大阪市の神社と狛犬 ⑯天王寺区 ⑥久保神社~完成された姿で端座する青銅製狛犬~
大阪市天王寺区の地図と神社
大阪市には、現在24の行政区があります。天王寺区は大阪市の中南部に位置し、区域の大半は南北にのびる上町台地上にあります。区名は、聖徳太子建立の日本最古の官営寺院である四天王寺に由来します。区内には約200の社寺があるほか、名所旧跡も多く、歴史と伝統の息づく町といえます。
天王寺区には、神社が11社あります。そのうちの1社は、生野区にある弥栄神社の御旅所です。
今回参拝する久保神社は、四天王寺七宮の一つで、願成就宮と言われています。最寄り駅のJR環状線寺田町駅から、北へ徒歩で10分ほどの場所に鎮座します。
久保神社
■所在地 〒543-0043 大阪市天王寺区勝山2-5-14
■主祭神 天照大御神
■由緒 聖徳太子が四天王寺創建の際に建立した四天王寺七宮の一つで、社名は、かつてこの辺りが窪地であったことに由来するのか。旧久保村の産土神である。明治40年(1907)に生野国分の村社稲生神社と熊野大神宮を合祀したことから、相殿神として熊野大神(速素盞男尊・伊邪那岐尊・伊邪那美尊)と宇賀御霊神をお祀りする。
神社の南側の正面鳥居以外に、西側と東南角にも鳥居がある。正面鳥居から参拝すると、拝殿前に置かれた青銅製の狛犬が目に入る。この久保神社で天王寺区6社目だが、ここまで3社に青銅製狛犬があった。
狛犬1
■奉献年 昭和十年十一月(1935)
■作者 原型 伊藤保齋 鋳造 伊藤鋳造所
■材質 青銅製
■設置 拝殿前
昭和10年(1935)奉納の青銅製狛犬。原型を作成した伊藤保齋という人物も、狛犬の鋳造を行った伊藤鋳造所も、今となっては不明である。
堂々とした安定感のある立派な狛犬である。太くつり上がった眉と後方に靡くような耳、顔の周りで大きく渦を巻いて盛り上がる毛並みも太い流れ毛も力強い。尻尾もたくさんの巻毛の上に毛房が炎のように立ち上がる。
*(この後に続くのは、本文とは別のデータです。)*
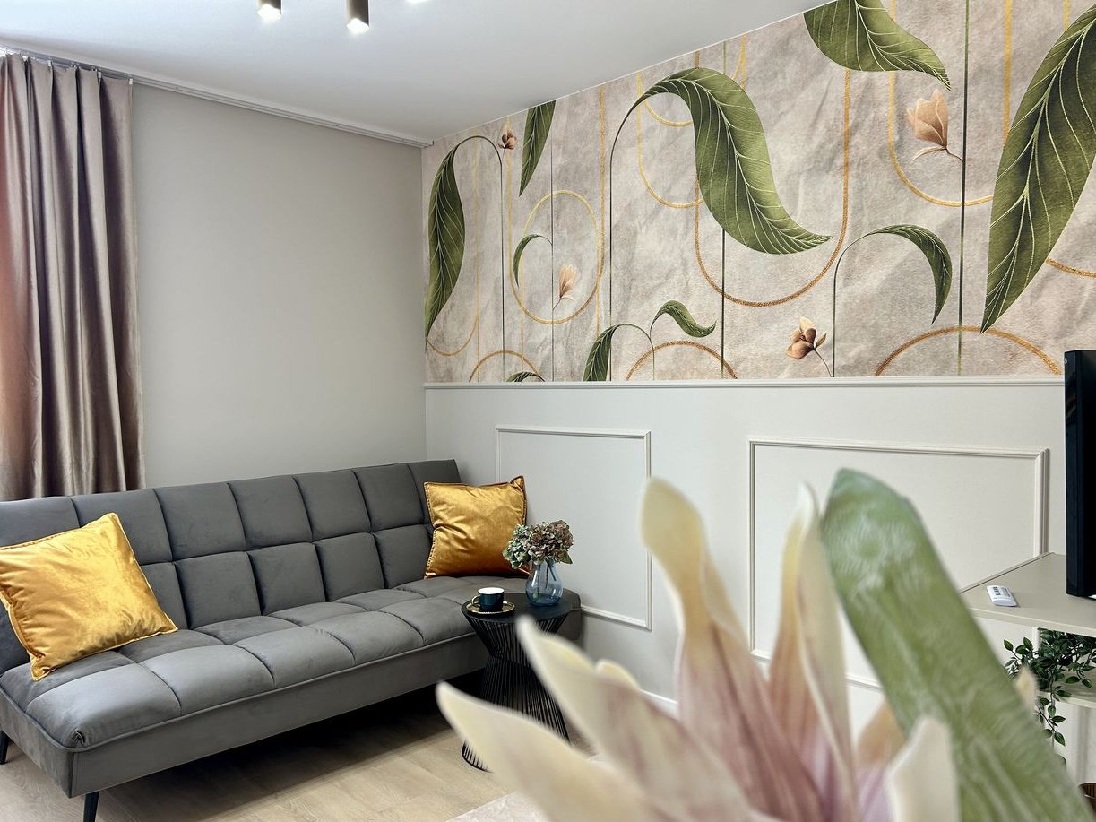 Na ścianach są dekoracyjne sztukaterie, klimatyczne tapety, a łazienka została wykończona w kaflach imitujących kamień i drewno. Na podłogach panele winylowe.

胸に飾りの付いた帯をつけているのは、宋風獅子の影響が感じられる。
バランス、落ち着いた迫力、技量、どれをとっても素晴らしい青銅製狛犬である。
狛犬2
■奉献年 平成十一年三月吉日(1999)修復
■作者 不明
■材質 花崗岩
■設置 境内東南鳥居前
久保神社には、境内の東南角にも鳥居があり、平成の新しい狛犬が安置されている。狛犬の第一台座には「平成十一年三月吉日修復」という文字が彫られている。「修復」の意味がよくわからない。その下の「奉獻」と記された台石以下は古いもので、先代の狛犬が坐していたのだろう。「修復」とは狛犬の代替わりをいうのだろうか。
古い台座の紀年銘は「文化十三年 丙子十一月」と読める。200年前の浪速狛犬はどこへ行ってしまったのだろうか。『狛犬の研究ー大阪府の狛犬ー』(奈良文化財同好会)によると、先代の狛犬は「大坂橫堀 西川屋五良兵衛」の作という。台座のどこかに石工銘があるようだが、見逃してしまった。平成の初め頃には阿形の損傷がひどく、吽形のみのなっていたらしい。
狛犬3
■奉献年 平成十一年五月吉日(1999)修復
■作者 不明
■材質 花崗岩
■設置 境内社(方除神社・白龍神社)前
境内社の方除神社・白龍神社の前にも平成の新しい狛犬が置かれている。
台座はこちらも先代のものを利用していて、「文政元寅年八月吉日」の文字がある。文政の浪速狛犬も平成の初め頃まではあったようだが、新しい狛犬と代替わりしたあと、処分されたのだろうか。神社のどこかに保管されていればよいのだが・・・。